File naming: Any filename (e.g. isolate_001.fasta, NC_12345.fasta). The file stem (filename without .fasta) becomes the genome identifier in the output (e.g. isolate_001_read_0 with description start=0 end=250). Multi-record FASTA files are supported: records past the first are disambiguated with a _seg{N} infix to keep IDs unique.

Workflow: Create the directory, place your FASTA files in the correct category folders, then run chunk with --input pointing at that directory. You do not need to run download.

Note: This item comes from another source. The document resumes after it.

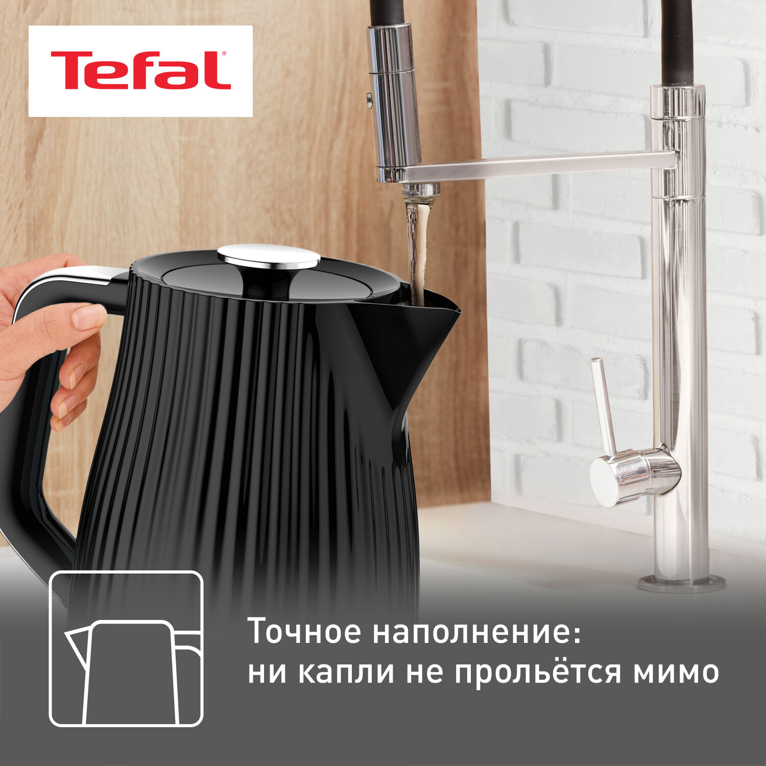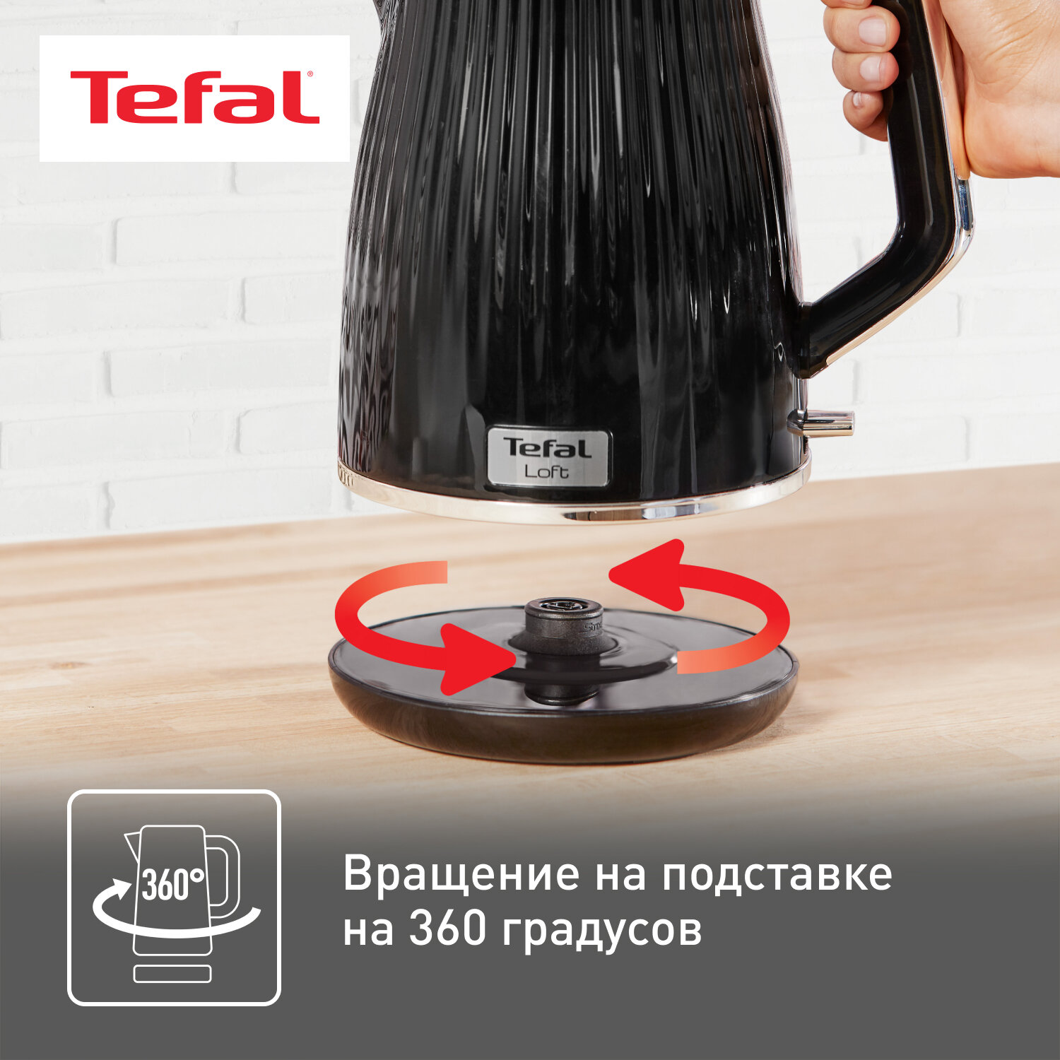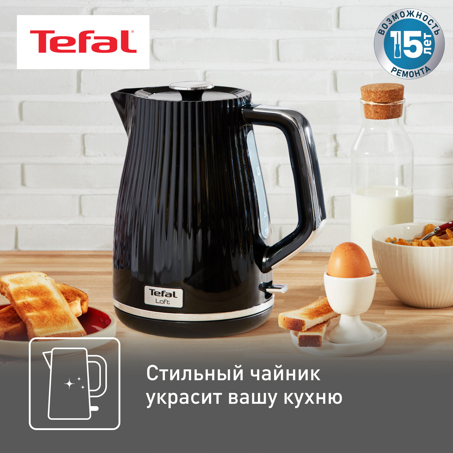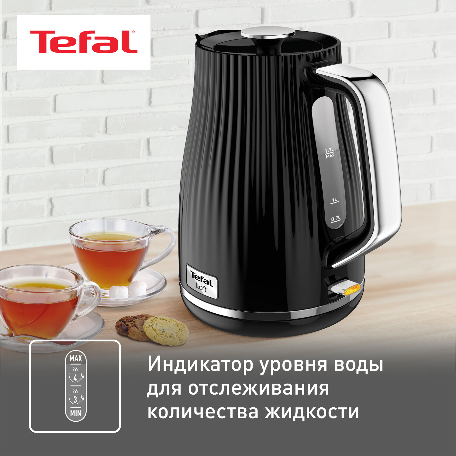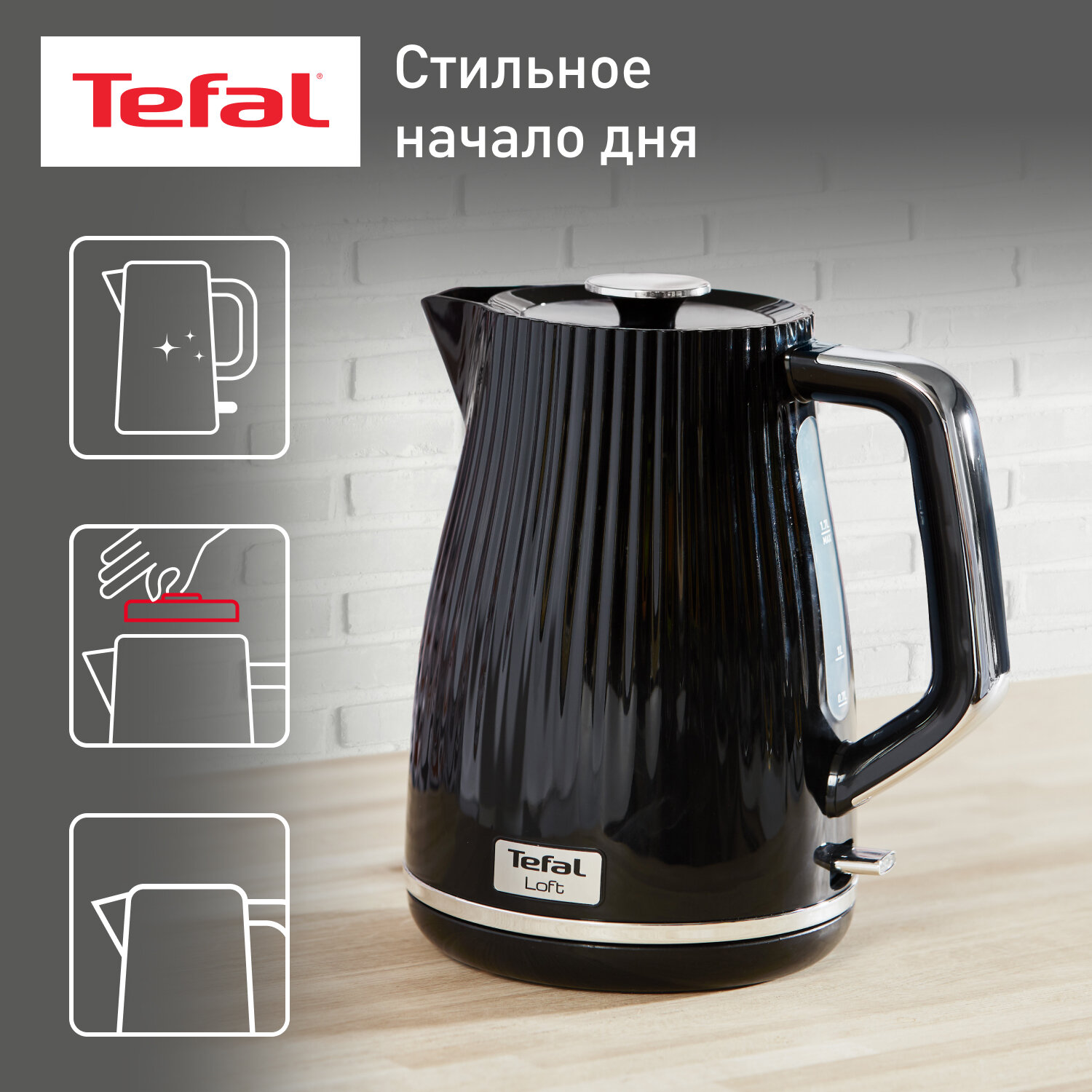 Чайник электрический Tefal Loft KO250830, черный, мощность 2400 Вт, объем 1.7 л, автовыключение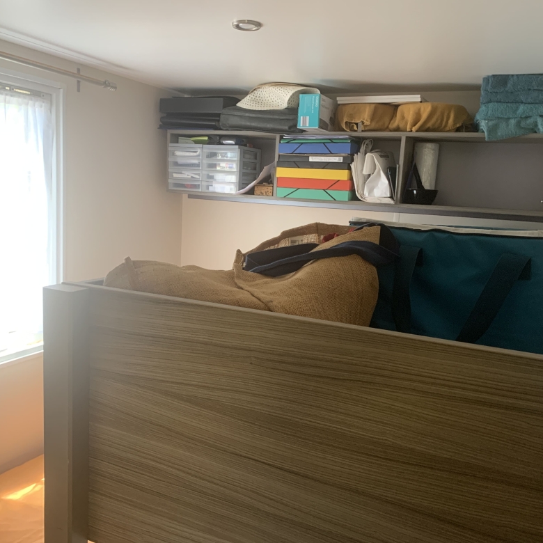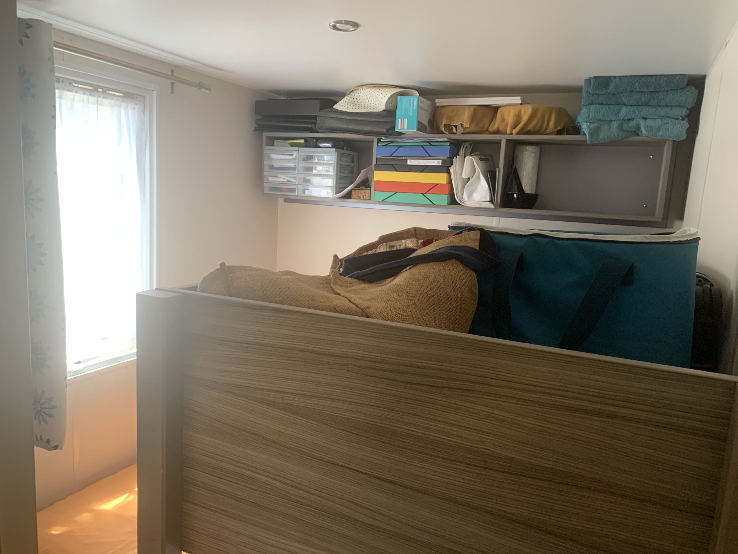 • Un dormitorio individual con una cama individual y espacio de almacenaje.

# Example: in-house data in my_genomes/
# my_genomes/bacteria/isolate_A.fasta  my_genomes/bacteria/isolate_B.fasta
# my_genomes/virus/phage_1.fasta

metagenome-generator chunk \
  --input my_genomes \
  --output metagenome.fasta \
  --output-dir output \
  --sequence-length 250 \
  --reads-per-organism 1000

You can also mix NCBI-downloaded and in-house data: run download into a directory, then copy or symlink your own FASTA files into the same bacteria/, virus/, etc. folders before running chunk.

Generate reads from genomes (`chunk`)

The chunk subcommand turns genome FASTAs into one metagenome FASTA (or FASTQ) by splitting each genome into fixed-length simulated reads or variable-length contigs. Input is either the download output directory or your own directory with the same layout (bacteria/, virus/, archaea/, plasmid/). See Using your own (in-house) genome set above.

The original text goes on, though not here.